Генерал Судоплатов в этой связи отмечал, что советский разведчик Николай Кузнецов до войны выполнял роль связного между балеринами и интересовавшими НКВД высокопоставленными дипломатами: «Он готовился индивидуально, как специальный агент для возможного использования против немецкого посольства в Москве. Красивый блондин, он мог сойти за немца, то есть советского гражданина немецкого происхождения. У него была сеть осведомителей среди московских артистов. В качестве актера он был представлен некоторым иностранным дипломатам. Постепенно немецкие посольские работники стали обращать внимание на интересного молодого человека типично арийской внешности, с прочно установившейся репутацией знатока балета. Им руководили Райхман, заместитель начальника Управления контрразведки, и Ильин (будущий секретарь Союза писателей СССР. —
Иностранцы охотно пользовались услугами Штейгера, балерина Ирина Чарноцкая, танцевавшая в «Пламени Парижа», обаяла сразу трех сотрудников посольства — самого посла, а также Болена и Тэйера. Они порой никак не могли ее поделить. Но все же Лепешинскую Буллит любил больше, называя ее Лелей. К слову, вторым мужем балерины был высокий чин МГБ генерал Леонид Райхман, арестованный в 1951 году, упомянутый Судоплатовым как начальник Кузнецова. Как видим, не было пределов совершенству…
Тэйер отмечает: «По мере того как темп репрессий нарастал, Штейгер все больше впадал в депрессию. Но он не прекращал выполнения ни одной из своих дипломатических функций. Однажды вечером после коктейльного приема в посольстве я на своей машине отвозил Штейгера домой. В тот день газеты объявили, что несколько наших общих знакомых были казнены обычным советским способом — застрелены в затылок. Пока мы ехали по холодным заснеженным московским улицам, Штейгер, вопреки обыкновению, молчал. Я попытался завязать разговор о погоде.

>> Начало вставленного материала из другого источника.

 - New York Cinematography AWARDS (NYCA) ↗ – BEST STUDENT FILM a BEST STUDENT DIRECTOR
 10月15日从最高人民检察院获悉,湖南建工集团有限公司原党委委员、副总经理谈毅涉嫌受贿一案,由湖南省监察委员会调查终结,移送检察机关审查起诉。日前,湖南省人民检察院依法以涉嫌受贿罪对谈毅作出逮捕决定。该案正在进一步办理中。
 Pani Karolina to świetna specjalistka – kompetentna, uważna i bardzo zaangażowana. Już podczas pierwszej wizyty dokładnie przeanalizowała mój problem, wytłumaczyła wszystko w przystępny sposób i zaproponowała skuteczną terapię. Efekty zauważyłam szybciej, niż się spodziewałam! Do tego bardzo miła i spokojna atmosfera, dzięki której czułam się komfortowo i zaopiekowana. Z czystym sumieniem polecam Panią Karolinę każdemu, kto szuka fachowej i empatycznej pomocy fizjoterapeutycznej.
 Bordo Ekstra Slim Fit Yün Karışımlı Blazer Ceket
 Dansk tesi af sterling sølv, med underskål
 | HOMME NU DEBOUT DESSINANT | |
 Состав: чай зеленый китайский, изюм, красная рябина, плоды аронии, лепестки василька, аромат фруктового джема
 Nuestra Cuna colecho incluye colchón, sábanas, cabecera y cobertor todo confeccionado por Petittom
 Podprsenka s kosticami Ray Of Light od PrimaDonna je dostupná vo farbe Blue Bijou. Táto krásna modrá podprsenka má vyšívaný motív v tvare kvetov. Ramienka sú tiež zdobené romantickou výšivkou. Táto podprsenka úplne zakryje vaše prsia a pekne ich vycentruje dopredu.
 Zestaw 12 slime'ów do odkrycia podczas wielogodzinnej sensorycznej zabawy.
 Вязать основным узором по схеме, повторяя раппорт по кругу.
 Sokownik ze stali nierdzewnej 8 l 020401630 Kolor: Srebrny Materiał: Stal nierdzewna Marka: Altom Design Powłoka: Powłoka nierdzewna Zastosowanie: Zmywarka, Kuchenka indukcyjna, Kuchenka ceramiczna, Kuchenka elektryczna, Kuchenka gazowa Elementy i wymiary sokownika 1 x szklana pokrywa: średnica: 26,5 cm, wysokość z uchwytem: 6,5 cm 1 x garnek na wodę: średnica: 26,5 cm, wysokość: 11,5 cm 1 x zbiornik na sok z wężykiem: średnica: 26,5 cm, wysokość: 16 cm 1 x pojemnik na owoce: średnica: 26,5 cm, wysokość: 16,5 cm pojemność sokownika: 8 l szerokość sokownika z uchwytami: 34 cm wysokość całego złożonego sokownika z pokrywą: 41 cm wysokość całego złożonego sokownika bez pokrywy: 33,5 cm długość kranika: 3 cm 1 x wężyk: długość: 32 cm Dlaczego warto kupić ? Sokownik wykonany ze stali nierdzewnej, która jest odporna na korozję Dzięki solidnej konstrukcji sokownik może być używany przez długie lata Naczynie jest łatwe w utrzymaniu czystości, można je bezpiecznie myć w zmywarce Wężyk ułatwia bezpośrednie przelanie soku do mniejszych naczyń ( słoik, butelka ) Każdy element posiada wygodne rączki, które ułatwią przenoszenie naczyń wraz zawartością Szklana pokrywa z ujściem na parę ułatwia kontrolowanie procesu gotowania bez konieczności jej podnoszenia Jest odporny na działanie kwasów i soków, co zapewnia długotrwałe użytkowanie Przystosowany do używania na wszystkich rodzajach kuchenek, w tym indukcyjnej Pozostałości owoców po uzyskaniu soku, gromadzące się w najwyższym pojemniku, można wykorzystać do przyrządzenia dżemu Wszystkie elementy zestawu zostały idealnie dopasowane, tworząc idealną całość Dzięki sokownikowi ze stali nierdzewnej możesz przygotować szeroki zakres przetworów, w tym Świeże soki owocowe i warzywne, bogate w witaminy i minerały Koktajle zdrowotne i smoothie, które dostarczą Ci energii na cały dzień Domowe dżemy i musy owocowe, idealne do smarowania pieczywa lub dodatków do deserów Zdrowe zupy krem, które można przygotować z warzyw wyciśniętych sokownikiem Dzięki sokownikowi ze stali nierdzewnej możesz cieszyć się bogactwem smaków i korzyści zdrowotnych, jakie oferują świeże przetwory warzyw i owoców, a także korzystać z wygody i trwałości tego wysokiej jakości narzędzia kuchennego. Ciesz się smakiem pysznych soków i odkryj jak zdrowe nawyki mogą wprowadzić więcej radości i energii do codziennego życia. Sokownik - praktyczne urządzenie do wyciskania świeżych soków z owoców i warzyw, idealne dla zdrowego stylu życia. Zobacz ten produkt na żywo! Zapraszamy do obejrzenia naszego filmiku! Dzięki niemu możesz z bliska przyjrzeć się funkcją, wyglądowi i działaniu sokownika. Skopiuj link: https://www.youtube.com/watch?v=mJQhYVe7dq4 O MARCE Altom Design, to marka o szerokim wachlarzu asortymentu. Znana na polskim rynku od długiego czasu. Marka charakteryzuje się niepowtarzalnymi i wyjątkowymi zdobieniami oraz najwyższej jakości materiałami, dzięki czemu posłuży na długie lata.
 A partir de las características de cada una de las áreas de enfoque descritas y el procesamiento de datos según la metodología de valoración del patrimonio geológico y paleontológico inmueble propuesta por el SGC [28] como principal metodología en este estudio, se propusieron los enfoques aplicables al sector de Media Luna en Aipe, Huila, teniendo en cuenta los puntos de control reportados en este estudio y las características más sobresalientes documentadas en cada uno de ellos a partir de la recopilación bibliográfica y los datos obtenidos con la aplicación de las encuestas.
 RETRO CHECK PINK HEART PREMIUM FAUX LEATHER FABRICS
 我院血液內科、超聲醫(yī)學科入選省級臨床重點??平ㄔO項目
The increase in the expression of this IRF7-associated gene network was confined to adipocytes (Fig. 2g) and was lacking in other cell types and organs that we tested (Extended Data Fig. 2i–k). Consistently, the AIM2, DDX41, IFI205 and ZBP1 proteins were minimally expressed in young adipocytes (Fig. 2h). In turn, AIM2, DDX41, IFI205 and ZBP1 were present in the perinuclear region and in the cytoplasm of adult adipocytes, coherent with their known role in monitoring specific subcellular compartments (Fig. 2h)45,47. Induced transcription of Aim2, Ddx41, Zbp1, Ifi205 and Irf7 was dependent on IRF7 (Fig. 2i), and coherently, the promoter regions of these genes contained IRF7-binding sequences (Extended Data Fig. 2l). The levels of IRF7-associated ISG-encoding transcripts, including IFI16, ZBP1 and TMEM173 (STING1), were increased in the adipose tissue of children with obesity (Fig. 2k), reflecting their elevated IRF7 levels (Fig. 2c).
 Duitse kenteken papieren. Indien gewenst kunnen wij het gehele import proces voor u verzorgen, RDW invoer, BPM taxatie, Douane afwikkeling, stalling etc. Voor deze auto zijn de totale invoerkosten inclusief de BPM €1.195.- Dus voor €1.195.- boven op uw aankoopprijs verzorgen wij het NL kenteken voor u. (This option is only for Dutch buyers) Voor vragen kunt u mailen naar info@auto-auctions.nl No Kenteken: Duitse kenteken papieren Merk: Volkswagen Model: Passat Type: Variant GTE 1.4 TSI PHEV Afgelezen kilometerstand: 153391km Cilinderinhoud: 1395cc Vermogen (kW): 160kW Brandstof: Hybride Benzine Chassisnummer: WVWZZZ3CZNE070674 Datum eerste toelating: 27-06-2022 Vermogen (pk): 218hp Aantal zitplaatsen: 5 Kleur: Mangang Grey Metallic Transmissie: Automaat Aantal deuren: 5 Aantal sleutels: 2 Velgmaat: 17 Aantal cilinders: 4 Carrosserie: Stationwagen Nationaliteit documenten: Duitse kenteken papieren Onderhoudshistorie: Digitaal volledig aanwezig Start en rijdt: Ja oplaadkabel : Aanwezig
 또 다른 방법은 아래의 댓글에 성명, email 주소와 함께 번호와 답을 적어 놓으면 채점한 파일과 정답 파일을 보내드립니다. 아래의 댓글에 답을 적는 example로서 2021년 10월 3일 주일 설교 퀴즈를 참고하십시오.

— Да, — наконец откликнулся он. — Это опасная погода — очень коварная. В такие времена следует тщательно беречь затылок.
Он ударил себя по шее и засмеялся. И погрузился в молчание. На следующий день Штейгер не пришел на прием в посольство. Несколькими неделями позже “Правда” объявила, что Борис Сергеевич Штейгер оказался предателем и был расстрелян. Конечно, выстрелом в затылок».
Барона арестовали после ужина с новым американским послом 17 апреля 1937 года, а в августе расстреляли. Не только Штейгер, но и подавляющее число гостей того странного «Весеннего фестиваля» стали жертвами репрессий (кого-то просто убили, как Райх), что также указывает на тесную смысловую связь этого невиданного ни до, ни после приема 1935 года с балом Сатаны в романе Булгакова. Что же касается Тэйера, то в 1937 году он покинул Москву и в дальнейшем, после войны, руководил радиостанцией «Голос Америки». Рузвельт распорядился, чтобы впредь холостяков в Москву не посылали, ибо, как докладывал ему в 1940 году директор ФБР Джон Эдгар Гувер, все эти балерины только притворялись, что не знают английский, а на самом деле все понимали, когда их посольские друзья обсуждали служебные дела.
С конца 1930-х годов посещение Спасо-хауса перестало быть для богемы безобидным. Если в 1933–1934 годах отношение к иностранцам было очень хорошим, то с началом массовых репрессий и так называемых больших московских процессов подозрительность, недоверие, страх перед любым человеком, говорящим с акцентом, станут обычным явлением. Болен заметит эту перемену: «Кроме балетных девушек и других агентов НКВД, которым приказано заводить контакты с дипломатическим корпусом, любой русский знает, как нездорово разговаривать с иностранцами; если иностранец заговаривает первым, русские исчезают». Так, посещение советским гражданином Спасо-хауса приобретет значительный вес не только в глазах общества, но и компетентных органов.
Американская сценаристка Лиллиан Хелман в 1944 году прилетела в качестве журналистки в Москву, часто виделась с кинорежиссером Сергеем Эйзенштейном, гуляя с ним по столице. Она не раз приглашала его зайти в Спасо-хаус выпить чашечку чаю, на что Эйзенштейн лишь загадочно улыбался. Когда отказаться в очередной раз стало неприлично, он признался, что посещать резиденцию посла для него небезопасно. И все-таки он пришел лишь однажды вместе с другими советскими гостями, чтобы разговаривать с американцами при свидетелях. Он рассказывал о монтаже первой серии «Ивана Грозного». А ведь в 1944-м союзниками был открыт второй фронт.